# Exercise
Please transcribe only the lines between the one containing "ロマンスカーVSE。ありがとう!写真は私が鉛筆1本で書いたものです。" and the end of the records, both ends included, exactly as written; skip every picture.

(Items from a dataset)
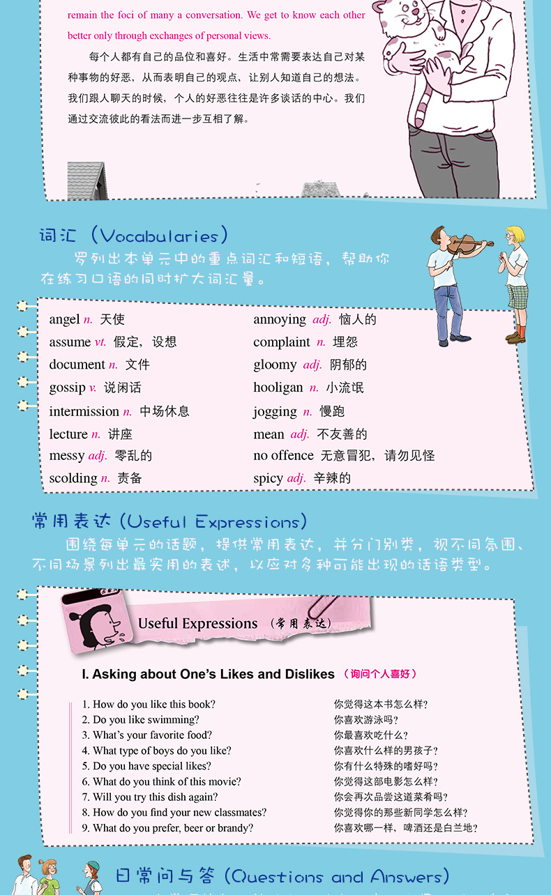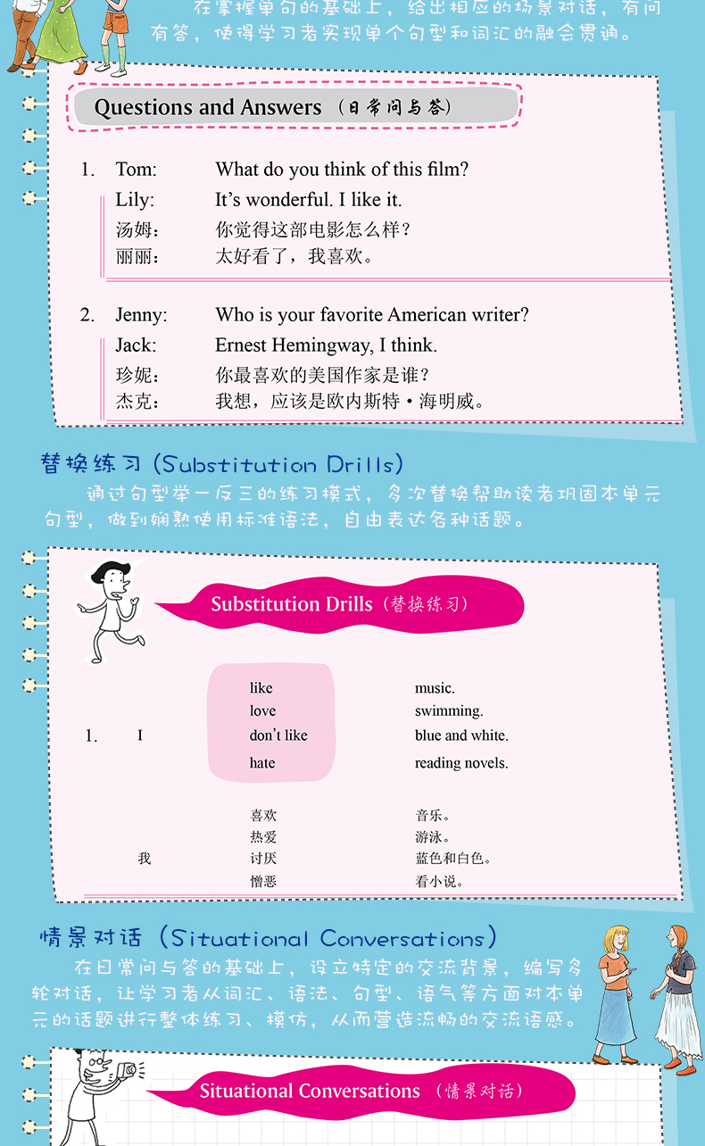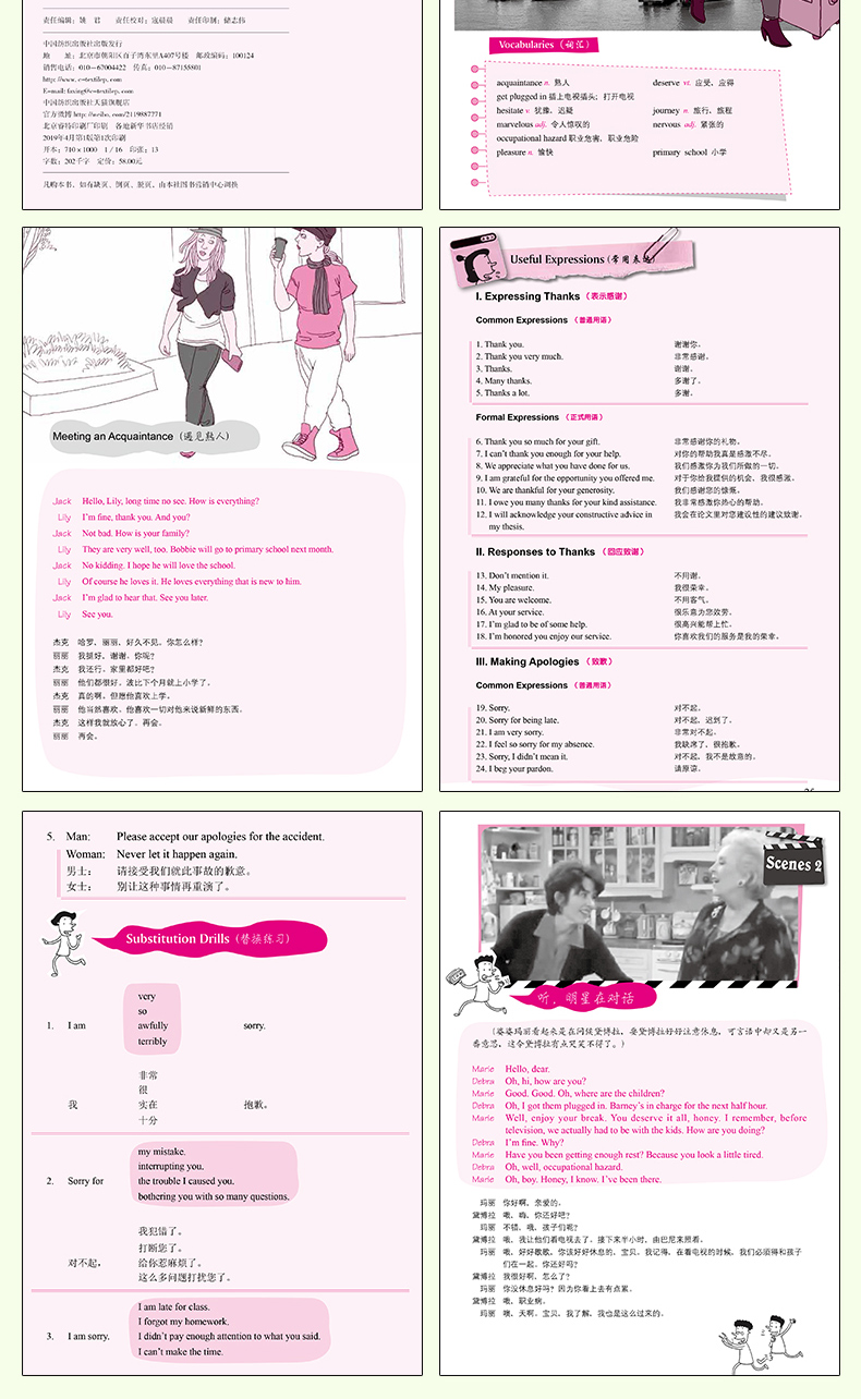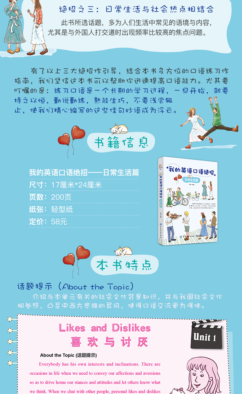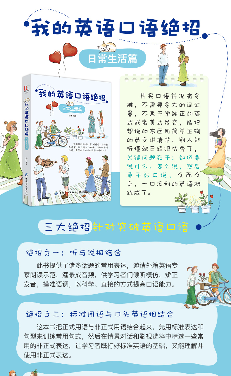 中国的英语学习者曾以“聋哑英语”闻名于世,虽然近年来口语水平有所提高,但“张不开嘴”仍然是学了多年英语的学习者常挂在嘴边的抱怨。其实口语并没有多难,不需要多大的词汇量,不需要纯正的英式或者美式发音,能把想说的东西用简单正确的英文讲清楚、别人能听懂就行了,关键问题在于:知道要说什么、怎么说,然后勇于张口说,久而久之,一口流利的英语就练成了。这就是我们一向坚持的学习之道。针对口语练习的特点,我们在《我的英语口语绝招——日常生活篇》中贯彻了三种绝招:绝招之一:听与说相结合, 绝招之二:标准用语与口头英语相结合,绝招之三:日常生活与社会热点相结合
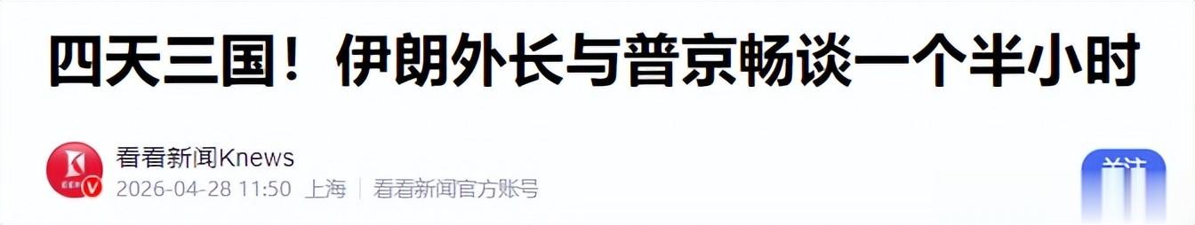 4月27日,伊朗外长阿拉格齐前往圣彼得堡,与普京进行了一场持续九十分钟的闭门会谈。
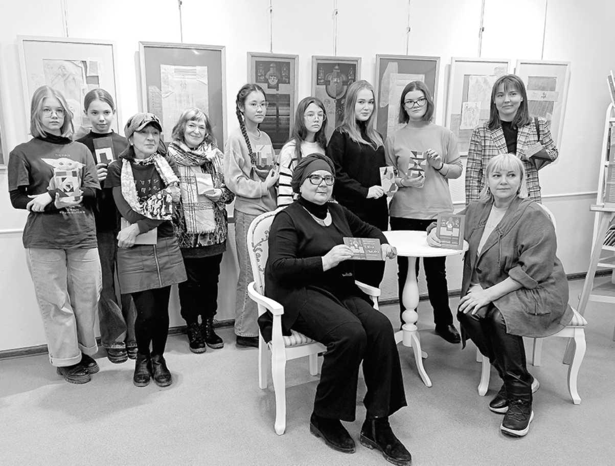 За два часа юные художники, ученицы художественной школы имени Митинского, познакомились с техникой инкрустации по драпу и, несмотря на всю кропотливость процесса, успешно воплотили свои композиции в небольшом формате.
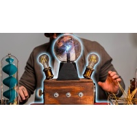 I am a HUGE sequential discovery puzzle box collector, and I have had this behind glass in 10/10 condition since 2022 but it's time for it to find a new home. everything works perfectly, I hope you enjoy this as much as I did it is one of a kind that every collector should own. comes with everything seen. 2 keys, knobs, extra light bulb, cord, Authentication paperwork from creator Andy Gilker, hints and solve sheet.
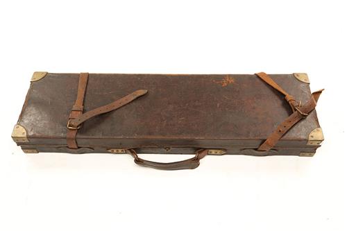 A BRASS-CORNERED OAK AND LEATHER SINGLE GUNCASE, fitted for 30in. barrels, the interior lined with green baize, central brass push-button lock (key missing)
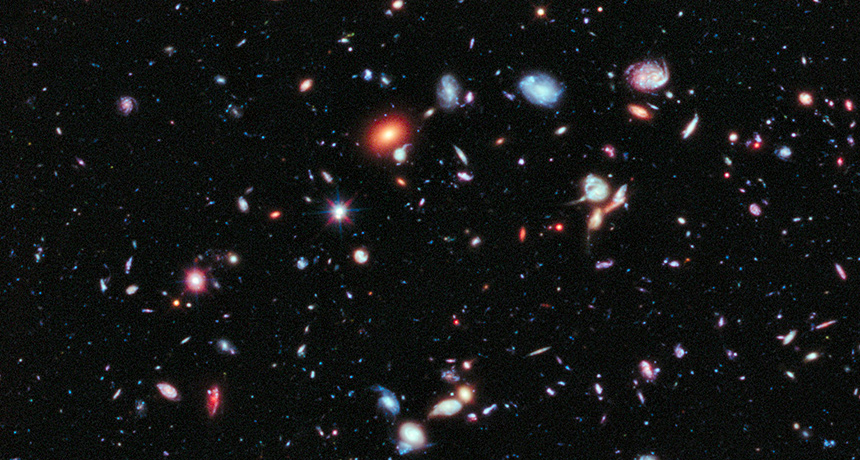 A view deep into space from the Hubble Space Telescope shows numerous galaxies, huge collections of stars like the Milky Way. A century ago, astronomers called those galaxies “island universes,” a term introduced by Civil War general Ormsby MacKnight Mitchel.
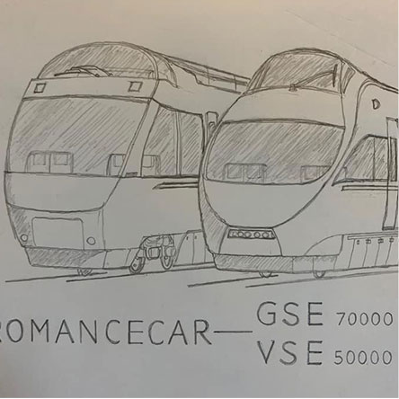 ロマンスカーVSE。ありがとう!写真は私が鉛筆1本で書いたものです。
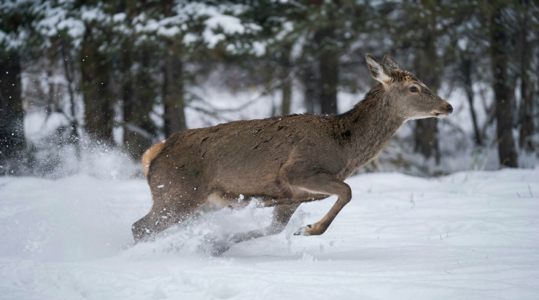 第二个镜头,展现鹿在奔跑:
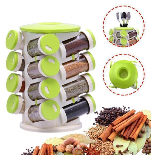 Trueware 16-in-1 Revolving Spice Rack with Cutlery Holder – Smart, Stylish & Space-Saving Kitchen Organizer
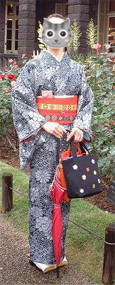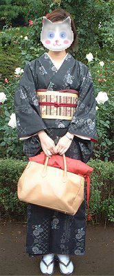 | りばおちゃん、黒地にお花柄の大島紬。これまた帯で、いろいろな雰囲気を楽しめそうです。今日のりばおちゃんは、やさしい感じ。こうして見ると、帯とバッグが合ってますね〜。 | ![]() |

# Answer to this problem
 ロマンスカーVSE。ありがとう!写真は私が鉛筆1本で書いたものです。
 第二个镜头,展现鹿在奔跑:
 Trueware 16-in-1 Revolving Spice Rack with Cutlery Holder – Smart, Stylish & Space-Saving Kitchen Organizer
 | りばおちゃん、黒地にお花柄の大島紬。これまた帯で、いろいろな雰囲気を楽しめそうです。今日のりばおちゃんは、やさしい感じ。こうして見ると、帯とバッグが合ってますね〜。 | ![]() |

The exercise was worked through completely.